Everything in the listing below should be repeated exactly, apart from the pictures.

§ **Collected data**
- - - -
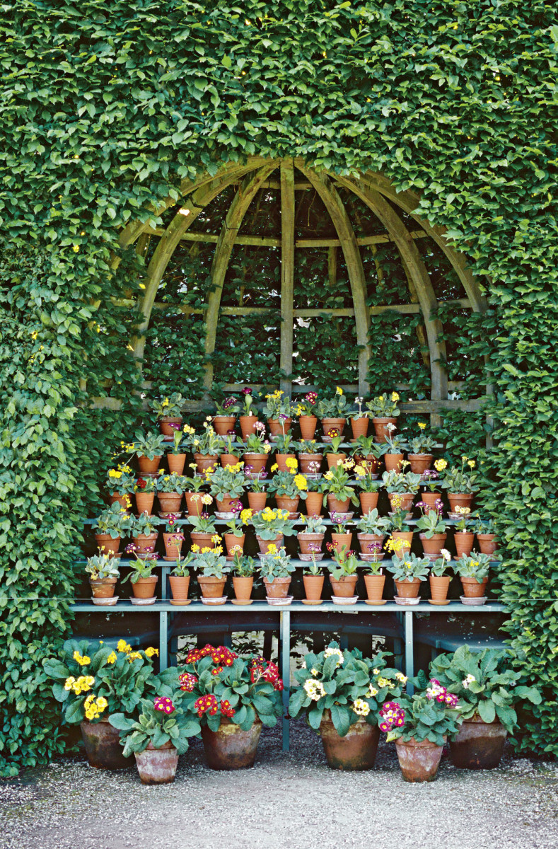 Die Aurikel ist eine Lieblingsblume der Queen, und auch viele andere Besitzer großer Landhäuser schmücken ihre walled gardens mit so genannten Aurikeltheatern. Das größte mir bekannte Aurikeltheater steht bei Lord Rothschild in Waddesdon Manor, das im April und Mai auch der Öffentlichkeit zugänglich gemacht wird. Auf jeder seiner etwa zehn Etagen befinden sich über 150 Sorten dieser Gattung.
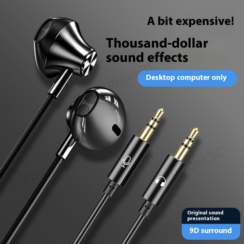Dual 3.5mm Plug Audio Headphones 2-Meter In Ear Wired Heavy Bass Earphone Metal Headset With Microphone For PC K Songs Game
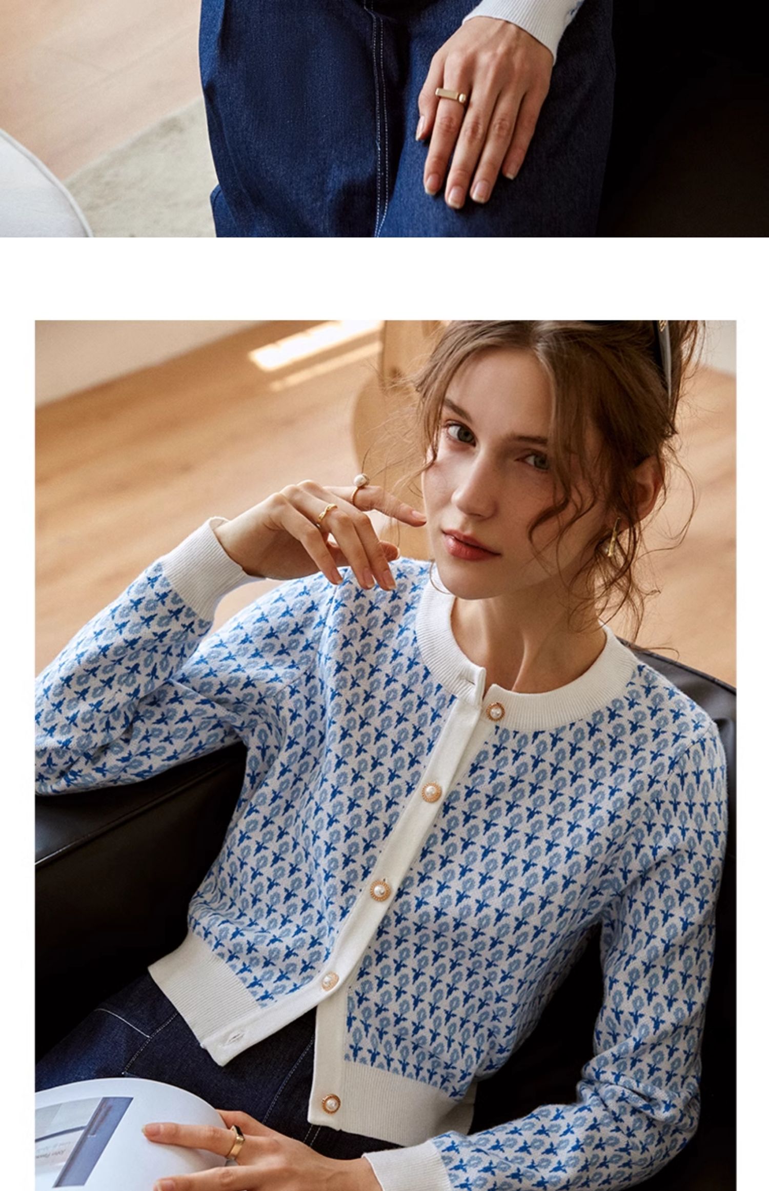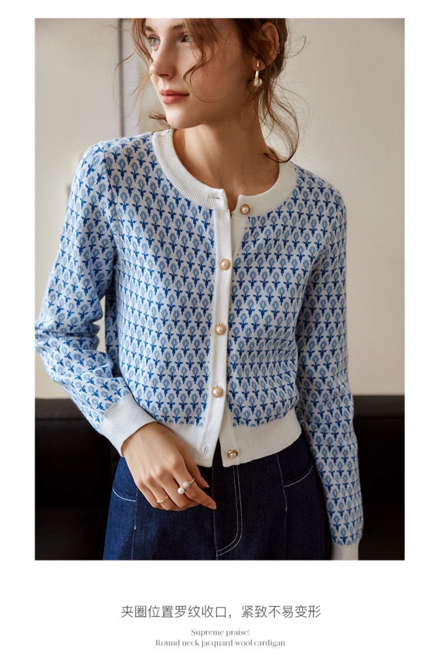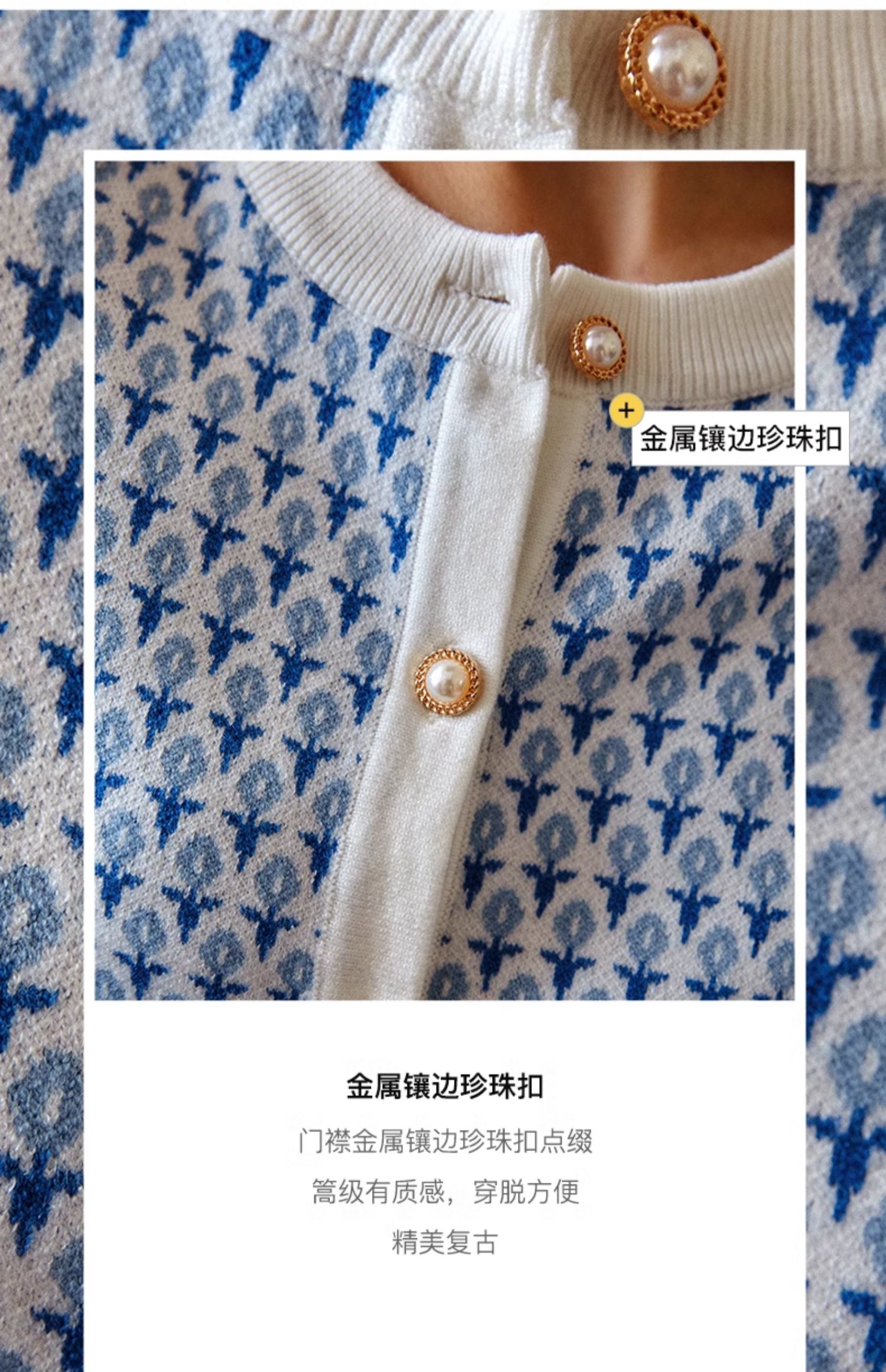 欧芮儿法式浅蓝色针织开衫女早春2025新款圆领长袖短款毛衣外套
- - - -
§ **Solution to this problem**
 Die Aurikel ist eine Lieblingsblume der Queen, und auch viele andere Besitzer großer Landhäuser schmücken ihre walled gardens mit so genannten Aurikeltheatern. Das größte mir bekannte Aurikeltheater steht bei Lord Rothschild in Waddesdon Manor, das im April und Mai auch der Öffentlichkeit zugänglich gemacht wird. Auf jeder seiner etwa zehn Etagen befinden sich über 150 Sorten dieser Gattung.
Dual 3.5mm Plug Audio Headphones 2-Meter In Ear Wired Heavy Bass Earphone Metal Headset With Microphone For PC K Songs Game
 欧芮儿法式浅蓝色针织开衫女早春2025新款圆领长袖短款毛衣外套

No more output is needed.